* [SUPPLIED ENTRIES]:
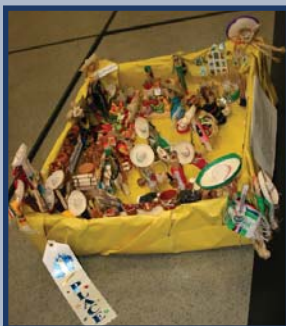
First place prize went to 'A Day at the Market', a group project of elementary school students from the Tucson International Academy.

CERCLL contributed to the Southern Arizona Language Fair, hosted by Partnership Across Languages (PAL), by sponsoring the culture display contest monetary awards. The Language Fair in promotes language instruction in K-12 contexts throughout Southern Arizona. It was held on April 4, 2009, at the University of Arizona campus and was attended by over 2000 K-12 students, teachers, families, and other community members.
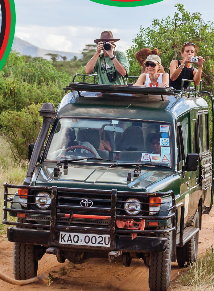
Safari Game Drive Tour 野生动物园游猎之旅
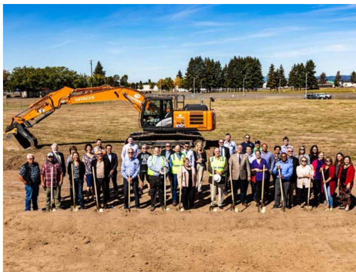
Groundbreaking September 2018
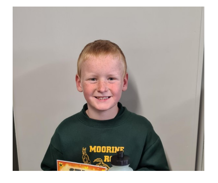
Junior Star of the Week Term 4 Week 5
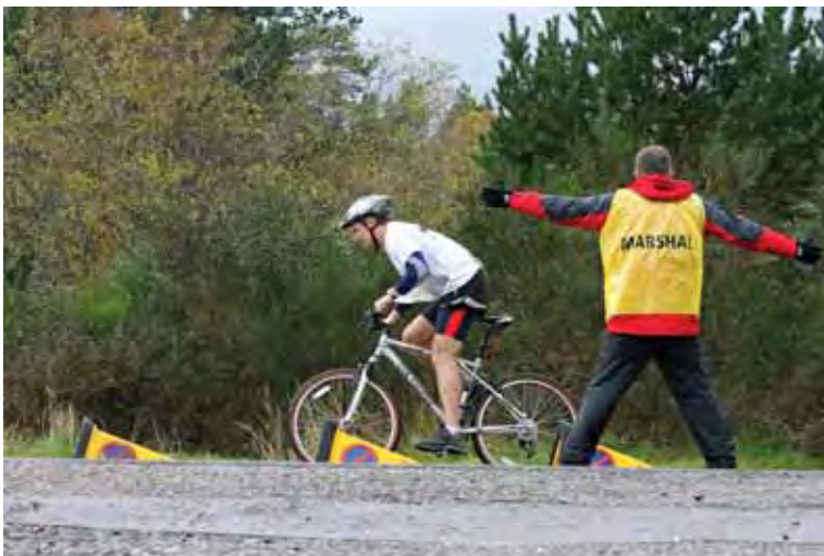
Left: The Cairngorm Charmer

It is good practice to survey participants and all interested parties, eg local residents, agencies and neighbouring land managers, after the restoration work is complete but soon enough so that everyone remembers the main elements of the day. Event organisers may wish to consider keeping a written note of issues throughout the process of planning to the actual day of the event so that these can be included. For larger events a meeting may help draw out what has been learnt from the staging of the event which will help in the future. A short report should be produced and circulated to all interested parties. It would be of great help and assistance if organisers sent a copy of all event reports to the CNPA for retention, email: outdooraccess@cairngorms.co.uk . These reports can then be consulted by future event organisers.

* [WORK ORDER]: Give the lines exactly, from the first line of the entries to the line with "CERCLL contributed to", both ends included. Skip the pictures.

* [FINAL ANSWER]:
First place prize went to 'A Day at the Market', a group project of elementary school students from the Tucson International Academy.

CERCLL contributed to the Southern Arizona Language Fair, hosted by Partnership Across Languages (PAL), by sponsoring the culture display contest monetary awards. The Language Fair in promotes language instruction in K-12 contexts throughout Southern Arizona. It was held on April 4, 2009, at the University of Arizona campus and was attended by over 2000 K-12 students, teachers, families, and other community members.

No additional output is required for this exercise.